KEY TAKE AWAY: It is up to ethical industry to commit to best practices of testing for biodegradability. Consumers help by pressuring businesses to follow best practices.
Development of standardized biodegradability test methods is not an easy task
The great variety of biodegradation processes in the natural environment and in water and solid waste treatment plants greatly complicates the development of standardized laboratory methods to reliably predict biodegradation and consequently assess the risk of bioaccumulation. Despite these difficulties, progress is being made. This effort is being led by organizations such as International Organization for Standardization (ISO), Organization for Economic Co-operation and Development (OECD) and American Society for Testing and Materials (ASTM). Quality criteria such as Good Laboratory Practices (GLP), EN 45000, ISO 9000 have been established.
As an organic chemist with over 20+ years of experience bring this background to our product development at Stoic Beauty. Although we are a small team making small batch cosmetics, we are committed to best practices for biodegradability and avoiding bioaccumulation in marine life.

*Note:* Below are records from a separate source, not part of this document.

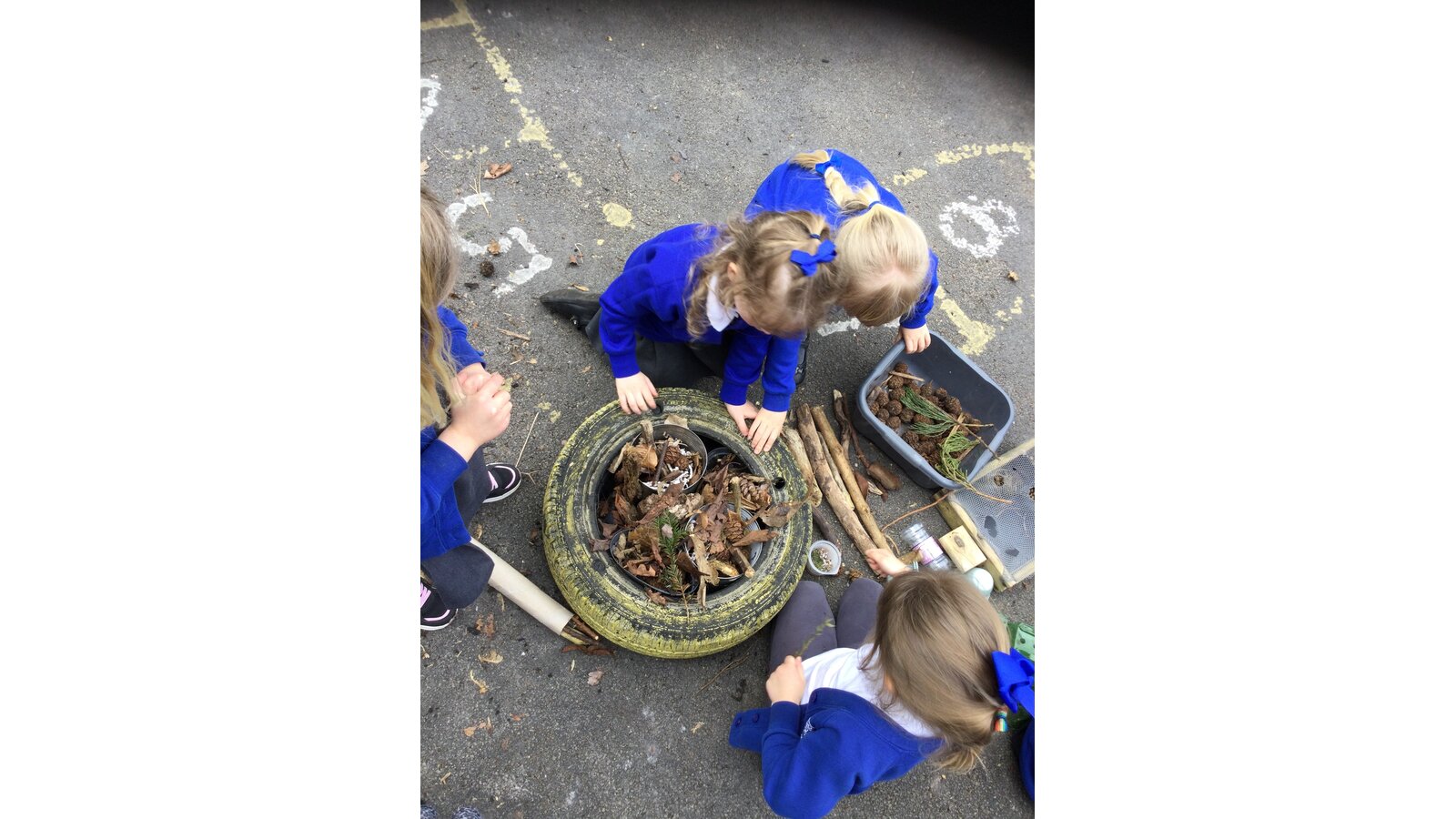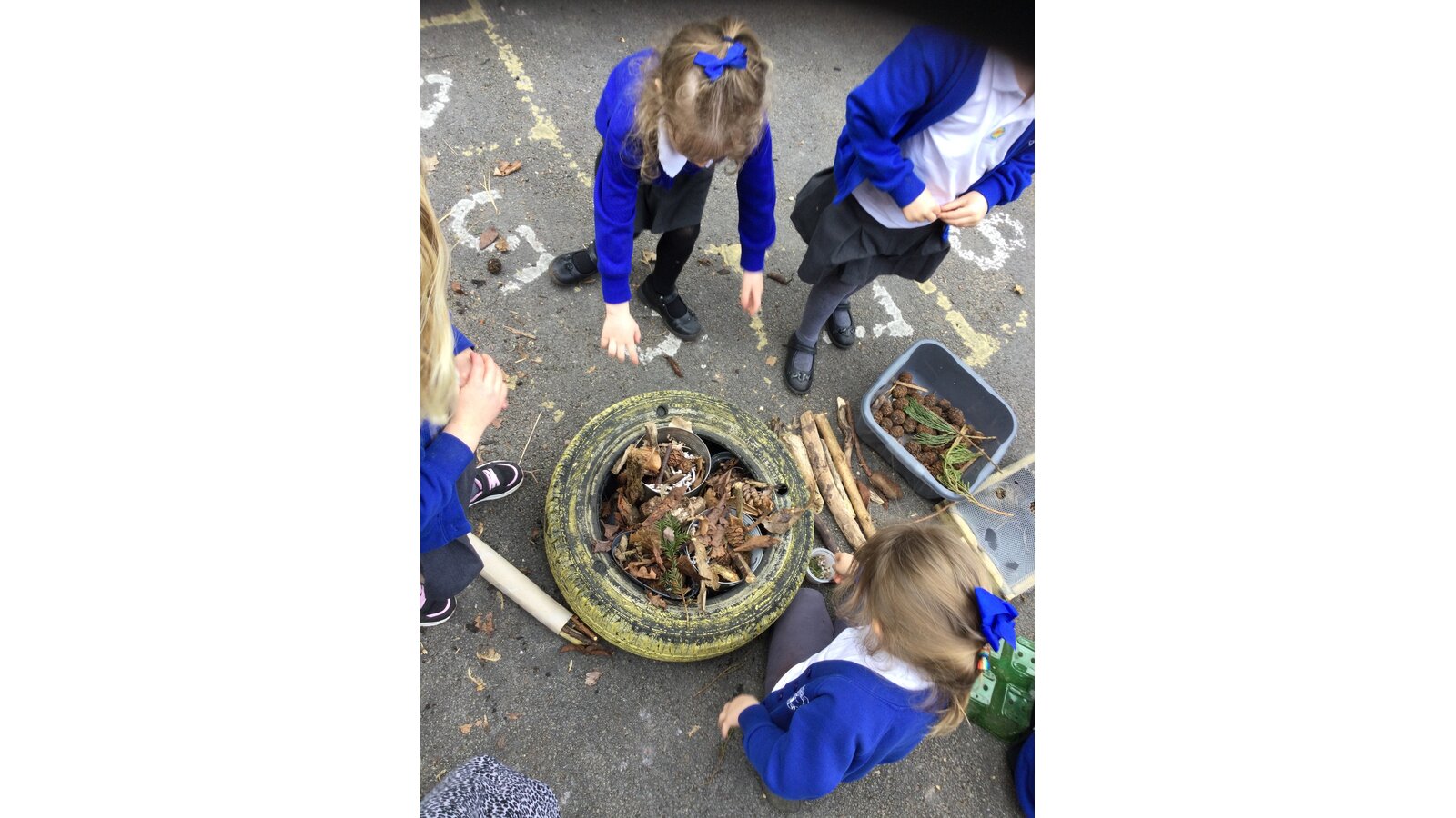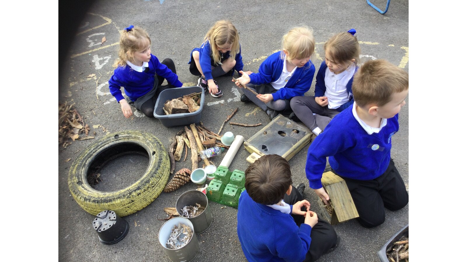 Class 1 explored minibeast habitats in Science today and why minibeasts like small, sheltered places. We went outside to collect natural materials, sticks, leaves, pine cones and bark to create a bug hotel out of a tyre.
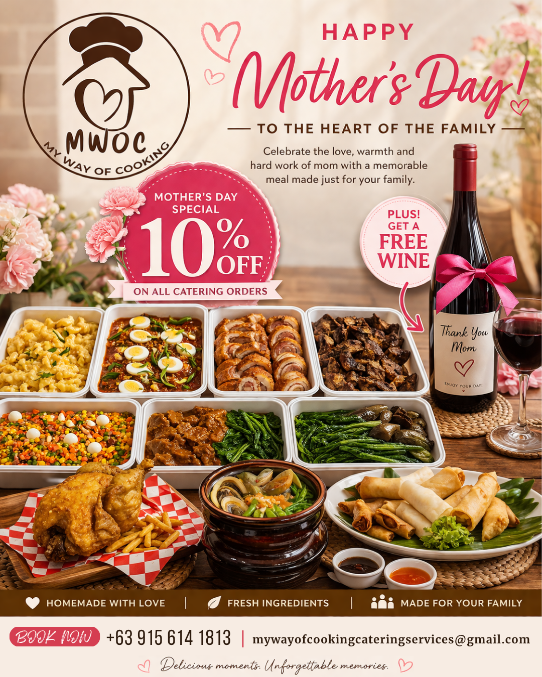 Planning a wedding, birthday, debut, family gathering, or office event? Let MWOC (My Way of Cooking Catering Services) take care of the food so you can just relax and enjoy with your guests! No need to stress about cooking, serving, or cleaning up—we got you covered! 💕
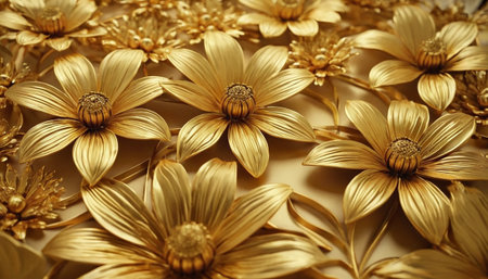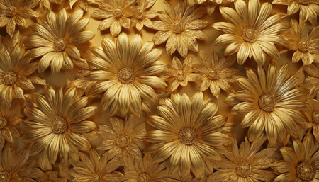 An exquisite artwork of a golden floral background, featuring intricate flowers and foliage, their gold tones adding depth and elegance.

At present many biodegradability tests exist, some simulate aquatic (fresh water and marine) and soil conditions, aerobic and anaerobic processes, and the treatments used in sewage and composting plants. Specific methods are recommended according to the type of material (polymer, lubricant, etc.) and its physical properties. Test methods may use different analytical techniques to assess degradation, which on the two extremes measure either primary degradation (disappearance of the substance under study) or total degradation (carbon dioxide produced). The methods are being refined and new tests added.
And what is the real impact?
Companies producing customer goods have legal responsibility to know the ecological behaviour of chemicals they release to the market in substantive quantities and are obligated to test biodegradability of their products using approved standardized methods.
More and more often customers demand information on ecological impact of the products they buy and make their purchasing decisions based on analysis of available data. Unfortunately, biodegradability information is still not widely accessible to the average consumer. Some is available in Material Safety Data Sheets (MSDS) prepared for all chemicals by their manufacturers under Ecological Information heading. Some information can also be found in various online databases.
As the fate of most of skincare products is wastewater or natural water reservoirs, at Stoic Beauty, we are committed to carefully examining all available data on ecological impact of the cosmetic ingredients we use in production of our cosmetics. We make this information available to our customers.